After gastric bypass, Michelle’s and Johnnie’s stomachs are about the size of an egg. They had to essentially re-learn how to eat. Too much food, as Johnnie found out early in his recovery, quickly led to vomiting. Things they once enjoyed — spicy Mexican food, for instance — are now off the table.
A typical meal might include a credit-card sized amount of meat and a quarter cup of vegetables. They eat slowly, chewing their food over and over so that it digests more easily.
It’s not a radical diet — they are quick to say that they eat mostly what anybody else does. But it is a controlled one.
“When we have dinner with friends, they say, ‘Is that all you’re going to eat?’” Michelle said.
Both experienced hair loss after surgery, a common side effect. Michelle’s grew back. But after decades of having long dreadlocks, Johnnie’s did not.

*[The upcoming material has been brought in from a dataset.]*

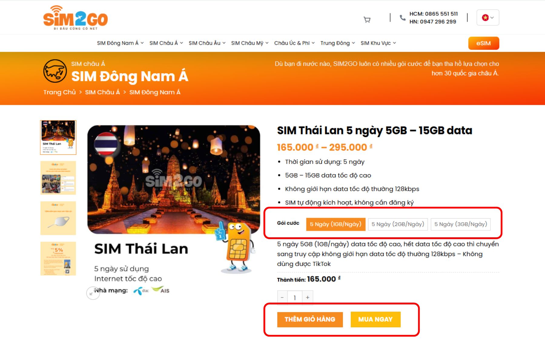 Bước 3: Chọn gói cước SIM/eSIM phù hợp và bấm “THÊM VÀO GIỎ” (nếu muốn tiếp tục xem thêm sản phẩm khác) hoặc “MUA NGAY” (nếu muốn đến trang thanh toán).

They check regularly with Irani’s staff for nutritional help or to ask about medications — some are now off-limits. They have become informal patient advocates for the clinic, with Johnnie sometimes speaking at events or support groups.
Friends and family members now seek them out for advice about whether they should get weight-loss surgery or for help with adjusting post-surgery. And, to everyone, they have the same message.
“It’s a lifestyle change,” Johnnie said. “It’s not something where you get done and five years later you say you’re going to go back to what you’re doing.”